=== Description of the task ===
Write out each record exactly as it stands. No pictures belong in the copy.

=== Dataset items ===

__________________________________________________

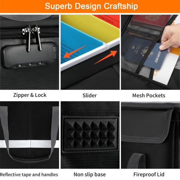 - : This fireproof file box is equipped with a combination lock for maximum document protection, a zipper closure reinforced with velcro for water resistance, and reflective tape for easy identification in low-light conditions or emergencies.
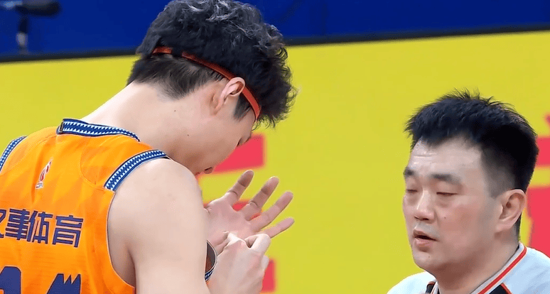 王哲林防守时隐形眼镜被打掉,随后直接返回更衣室
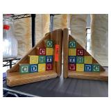 LARGE WOOD DESK W SIDE SHELVES |
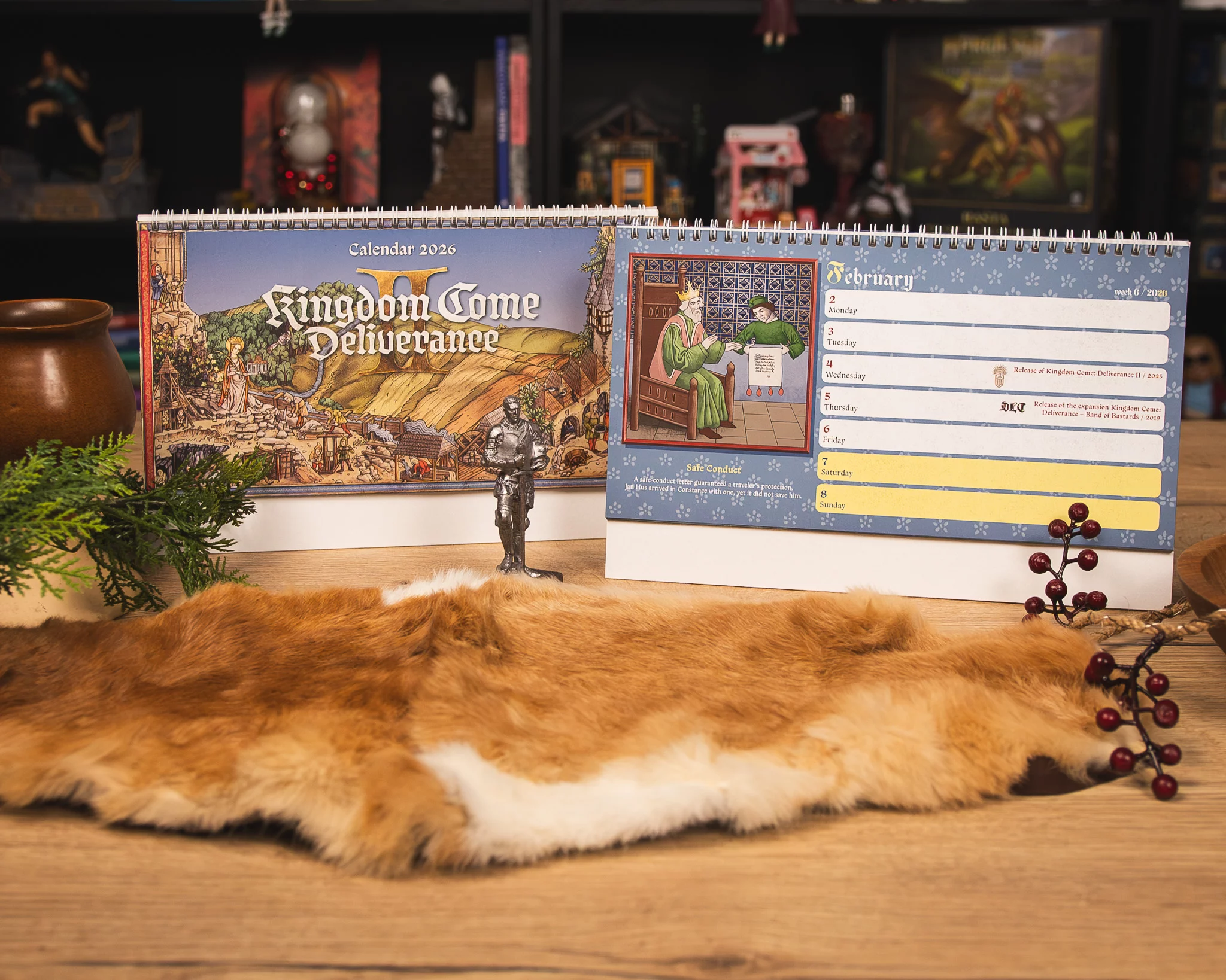 Erlebt das Jahr 2026 im mittelalterlichen Rhythmus – mit dem offiziellen Tischkalender zu Kingdom Come: Deliverance II. Jede Woche wird von einer Illustration aus dem Spielkodex begleitet und enthüllt spannende Einblicke – von Schlachten und Lagerleben bis hin zu Festen und Bräuchen des damaligen Böhmens.
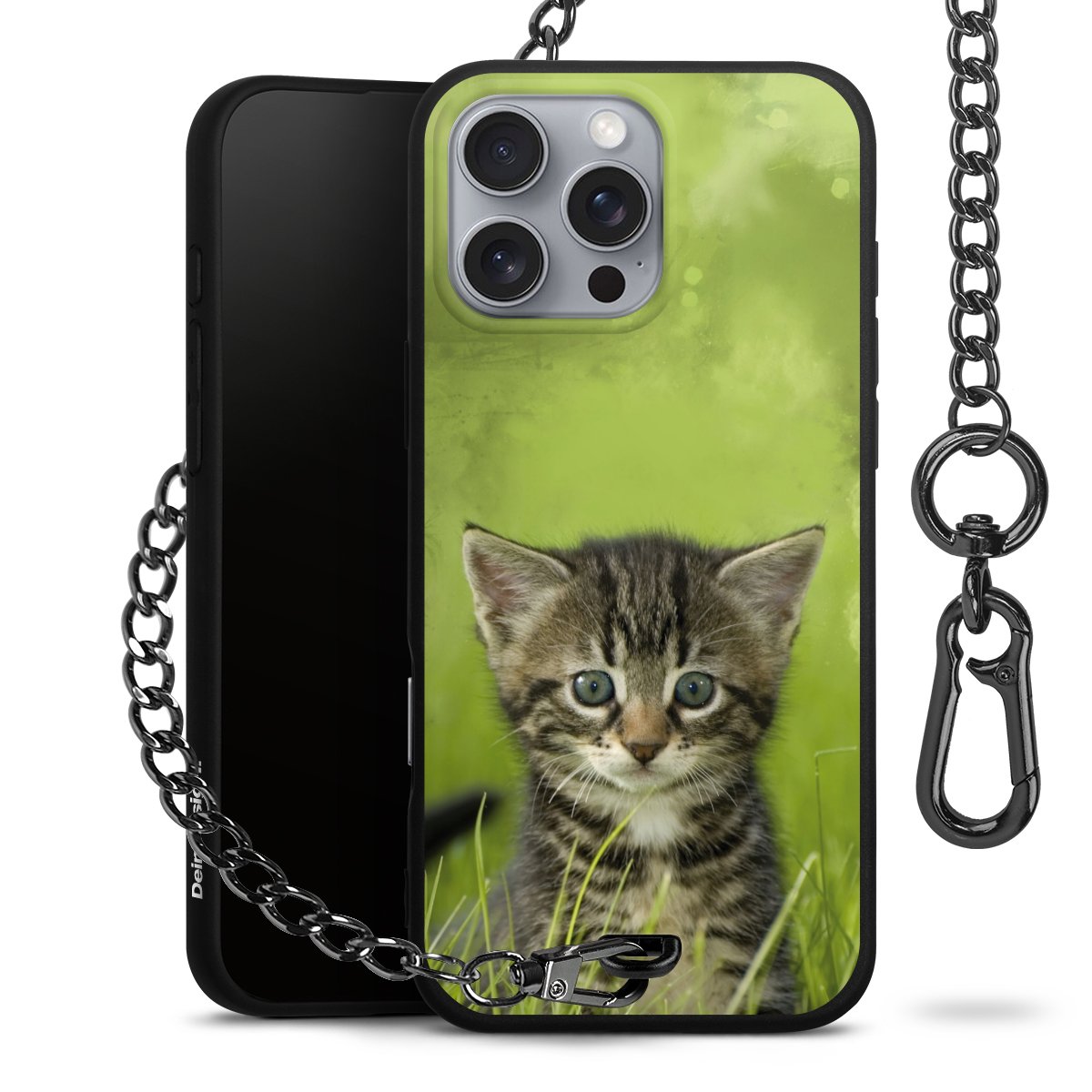 - Mattschwarze Handyhülle mit Metallkette
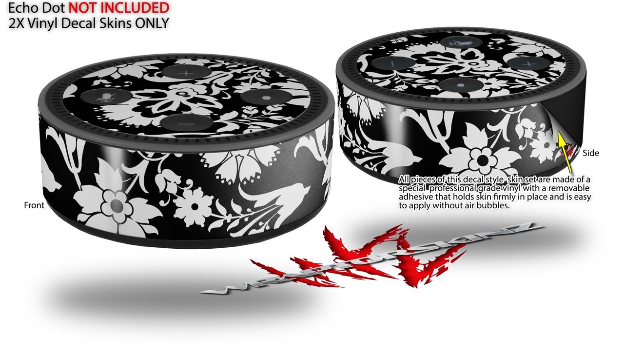 Skin Wrap Decal Set 2 Pack for Amazon Echo Dot 2 - Black and White Flower (2nd Generation ONLY - Echo NOT INCLUDED)

__________________________________________________

=== Your solution ===
 - : This fireproof file box is equipped with a combination lock for maximum document protection, a zipper closure reinforced with velcro for water resistance, and reflective tape for easy identification in low-light conditions or emergencies.
 王哲林防守时隐形眼镜被打掉,随后直接返回更衣室
 LARGE WOOD DESK W SIDE SHELVES |
 Erlebt das Jahr 2026 im mittelalterlichen Rhythmus – mit dem offiziellen Tischkalender zu Kingdom Come: Deliverance II. Jede Woche wird von einer Illustration aus dem Spielkodex begleitet und enthüllt spannende Einblicke – von Schlachten und Lagerleben bis hin zu Festen und Bräuchen des damaligen Böhmens.
 - Mattschwarze Handyhülle mit Metallkette
 Skin Wrap Decal Set 2 Pack for Amazon Echo Dot 2 - Black and White Flower (2nd Generation ONLY - Echo NOT INCLUDED)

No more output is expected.